It’s difficult to stop Paul Wilbur once he puts his mind to something. When he became a Christian—a shocking conversion given his Jewish background and family’s lack of interest in religion—his brother stopped talking to him.
Wilbur’s response after years of trying to re-establish their relationship? He bought the house next door.
Today the two ride motorcycles together.
“When our people get saved, they really get saved,” Wilbur says. “We’re famous for not shutting up.”
Wilbur brings that same tenacity to his Messianic worship songs and ministry. From his unexpected conversion 34 years ago as a graduate student at the University of Indiana to his time leading worship for a Messianic congregation in Maryland, Wilbur puts all he has into his songs and ministry. He has scores of albums—many recorded live in Jerusalem—and today, at 60, still travels frequently, speaking and leading worship from Florida to Dubai.

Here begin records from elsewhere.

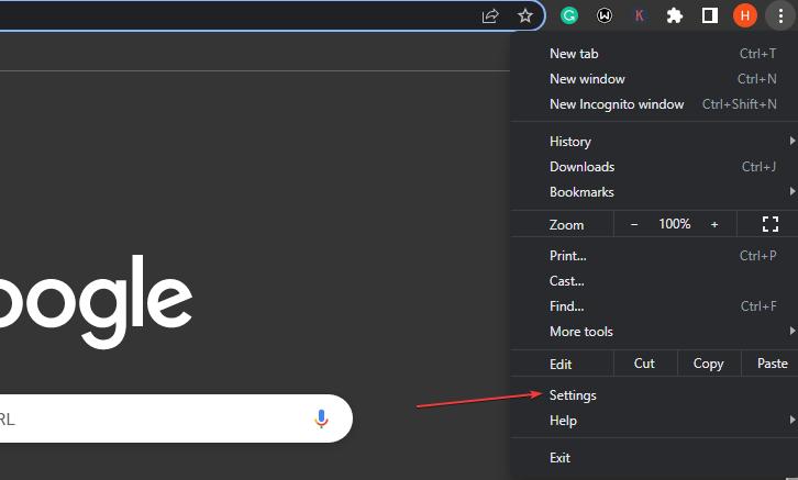 - 启动浏览器。单击 浏览器右上角的三点图标,然后选择设置。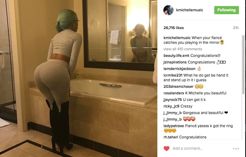 Is K.Michelle engaged? It appears so. Over the weekend, the singer and reality star hinted that her bae popped the question. Posing in front of the mirror, she wrote: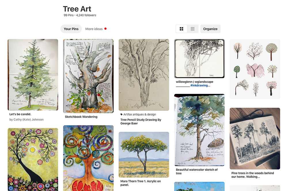 Choose a tree images or several that you are drawn to or choose to draw from life and sketch these trees. Even if you are working from an image, sit outside if you can and do this. Really tune into the tree, let your eyes trace its branches, imagine its roots beneath the earth. Spend this sacred time connecting with nature. Don’t worry about getting down every single branch or leaf…just try and focus on the main shapes. You can leave the tree as a sketch or feel free to add color in a medium you enjoy.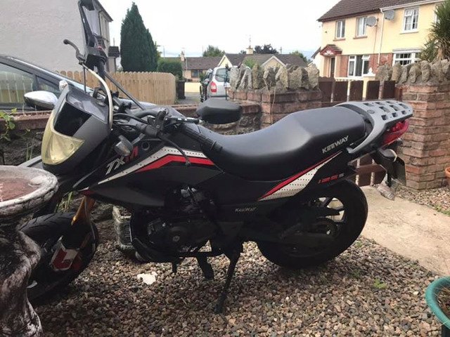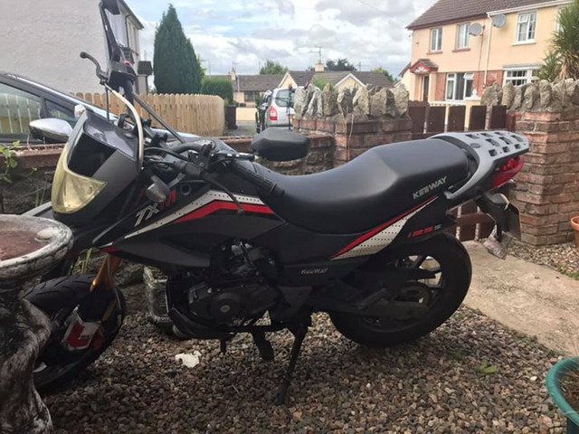 125cc keeway in brilliant condition approximately 1000 k on it very rarely was used would suit someone for first time bike just don’t have the time for it and only sitting around can sell the with helmet and boots and trousers and jacket date of first registration August 2015 not due first mot till August but the we bike is that good it will need nothing if anything the battery might need a charge full log book 2 keys manual and wheel lock . The bike is outside Newry BT34 collection only . PM for price No swaps. Genuine interest’s only

Though he once sang with Amy Grant and Brown Bannister, Wilbur has never deviated from Messianic worship and the sound and style of that genre. He says his most well-received songs are ones he didn’t write, including “A Resting Place”—a tune he helped popularize—and “Days of Elijah,” a song he introduced in Jerusalem during the Feast of Tabernacles in 1998.
“The songs that churches sing are ones I didn’t write,” Wilbur says. “‘Praise Adonai’ is another one—it’s Paul Baloche’s. He wrote ‘Praise Yahweh,’ but [as a Jew] I can’t say that, so I say ‘Praise Adonai.’ I actually prefer to sing other people’s songs.”
Indeed, Wilbur is less concerned about who gets credit for a song than he is that people hear the Christian message.
“There’s a new openness in this hour [among Jews] to Yeshua, that He might be the Messiah,” Wilbur excitedly says. “I think we might be on the cusp of a new wave in the Jewish community. We’ve even had a promise from the Israeli government that military bases will soon be open to us.”